And so my solution was: 5C5 + 5C3 (w/ one green and one red) + 5C4*2 (4 distinct with one green + 4 distinct with one red) = 21
Could you please tell me where have I gone wrong? I have gone through your solution in the blog post. However, that is taking into consideration 2 greens etc - which would mean that the 5 chosen marbles are not distinct. Please help!

mikemcgarry · Answer

Dear PMZ21 I'm happy to respond. :-)

My friend, what I wrote was: . . . how many distinct combinations of five marbles . . . and what you interpreted was: . . . how many combinations of five distinct marbles . . . If you compare those two, you will see that in my question, the combinations , not the marbles are distinct. Let's say the colors are green = G red = R black = B white = W yellow = Y purple = P sky blue = S What I am saying is that {G, G, R, R, W} is a distinct combination from {G, G, R, R, P}. In other words, if we list the colors of the five marbles, that overall list of colors will be different for different combinations. It's not that each marble will be a different color. BTW, for what you were calculating, how many different sets of five in which each of the five marbles is a different color, I think you calculated it the hard way. You could just use 7C5 = 21. Does all this make sense? Mike :-)

PMZ21 · Answer

Hi Mike, Perfect, yes that makes complete sense. Thanks! You and Bunuel are such a blessing

Posted from my mobile device

EDAXavier · Answer

Sorry, would you explain a little bit more about how you calculate case 2 and case 4? 
because the result I got for case 2 is 40 and for case 4 is 5. 
Thank you

bandook · Answer

My process was long but I hope it is a bit more easier to understand. First I found the various distinct combinations as such -
- - Note abbreviations --
-> 3 Green Marbles = 3G
-> 2 Red Marbles = 2G
-> 5 Distinct Marbles = 5D

Combinations -
1) No of ways of selecting 5, when 5 selected from 5D =  1  way

2) Lets consider situations when 4 are selected from the distinct colored
(4D+1G) and (4D+1R) = 5C4 x 2 =  10  ways

3) No of ways of selecting 5, when 3 selected from D group
(3D+2G) and (3D+2R) and (3D+1G+1R) = 5C3 x 3 =  30  ways

4) No of ways of selecting 5, when 2 selected from D group
(2D+3G) and (2D+2G+1R) and (2D+1G+2R) = 5C2 x 3 =  30  ways

5) No of ways of selecting 5, when only 1 selected from D group
(1D+3G+R) and (1D+2G+2R) = 5C1 x 2 =  10  ways

6) No of ways of selecting 5, when 0 selected from D group
Only one way - (3G+2R) =  1  way

Total = 82 ways

Doing it this method is not really good as you can miss some cases, but it helps understand whats happening. For example, lets consider the 5 distinct colours are Violet, Indigo, Blue, Yellow, Orange and White i.e. {V,I,B,Y,O,W}

So in point 2 described above - each 4D combination can have the last marble as G or R, simply put
a single combination of 4D (such as V,I,B,Y) has 2 ways to be picked either with Green or Red = {V,I,B,Y,R} or {V,I,B,Y,G}. Hence in this case, each 4D combination is multiplied by 2.

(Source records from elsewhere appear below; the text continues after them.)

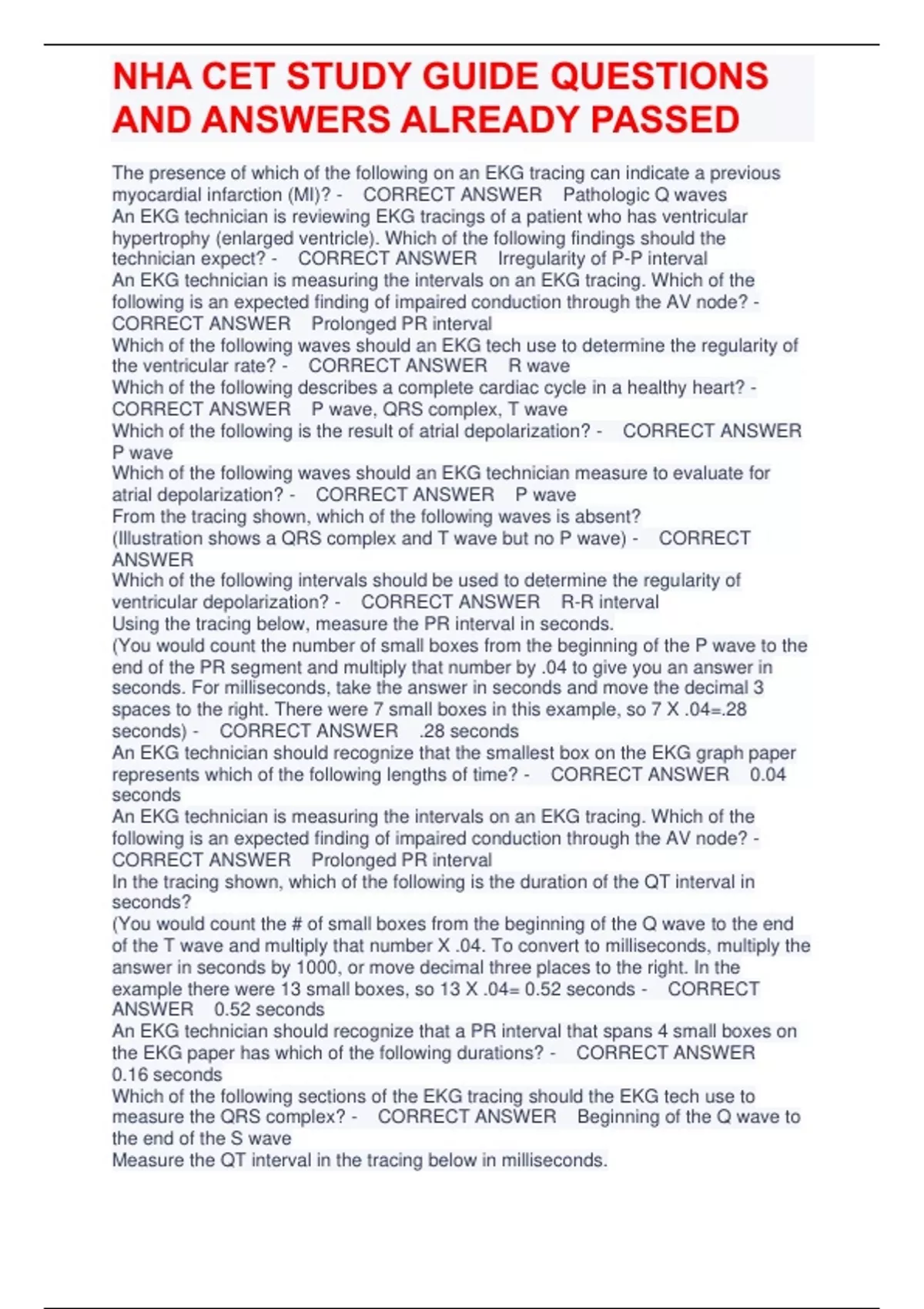 NHA CET STUDY GUIDE QUESTIONS AND ANSWERS ALREADY PASSED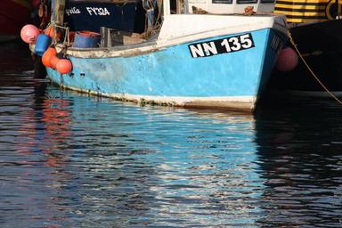 Keywords: boat reflection hull water harbor dock colorful ship peaceful serene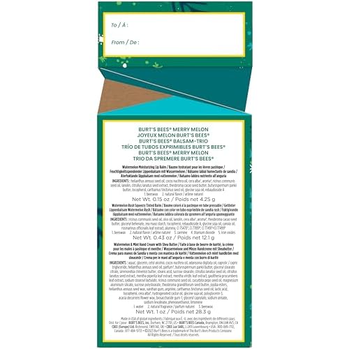 Burt's Bees Lip Balm, Squeezy Tinted Balm and Hand Cream Gift Set, Merry Melon, Ready to Give Holiday Gift, 1 Gift Set

Similarly in point 3, for a 3D combination, the last 2 marbles can be picked in 3 ways, i.e for a single 3D combination the following combinations exist -
{V,I,B,G,G}
{V,I,B,G,R}
{V,I,B,R,R} = 3 ways for {V,I,B} to be completed. Hence we multiply each 3D combination by 3.

and so on...

Crytiocanalyst · Answer

Chosing all different colours :-7c5=21

Chosing 3 different colour 2 of the same colour =6c3*2=30

Chosing 2 different colours and 3 of the same colour =6c2=15

Chosing 1 different colours and 2 of two different colors=5c1*4!/2!2!=15

Chosing of one type and 2 of other colour=1
Total = 82 IMO E

Fdambro294 · Answer

Really hard question (or unique at the least)

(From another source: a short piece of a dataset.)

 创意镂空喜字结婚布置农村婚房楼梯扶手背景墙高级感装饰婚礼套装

3 identical green: it does not matter which green we pick, they are all the same. So any 2 of the Green picked will be the same combination as any other 2 of the Green picked 
G- G - G

2 identical red: same logic 
R - R - R

5 different colors: call them —- A - B - C - D - E

(1st) need to set up the different cases in which we can have multiple of the same color, without over counting and making sure to cover every distinct possibility

Case 1: 3 G——- 2 R

1 way

Case 2: 3 G ——— the other 2 are unique

(1 way for 3 green) 
and
R, A, B, C, D, E, —- from which we need to pick 2 more

(6 c 2)

Case 3: 2 G —— 2R —— and 1 more picked from 5 different colors

(5 c 1)

Case 4: 2 G —- and 3 picked from 6 of the other colors: R, A, B, C, D, E

(6 c 3)

Case 5: 2 R —— and 3 picked from 6 of the other colors: G, A, B, C, D, E

(6 c 3)

Case 6: every one of the 5 colors picked is unique:
G , R , A , B , C , D , E

(7 c 5)

(2nd) Sum up all the number of unique color combinations from each case

1 + (6 c 2) + (5 c 1) + (6 c 3) + (6 c 3) + (7 c 5) =

1 + 15 + 5 + 20 + 20 + 21 =

82 ways
E

Posted from my mobile device

Mugdho · Answer

chetan2u  
in step 2, how did we get 6C3*2C1?
shouldn’t it be 5C3 to select 3 different from 5 colors ? can u elaborate it little more plz?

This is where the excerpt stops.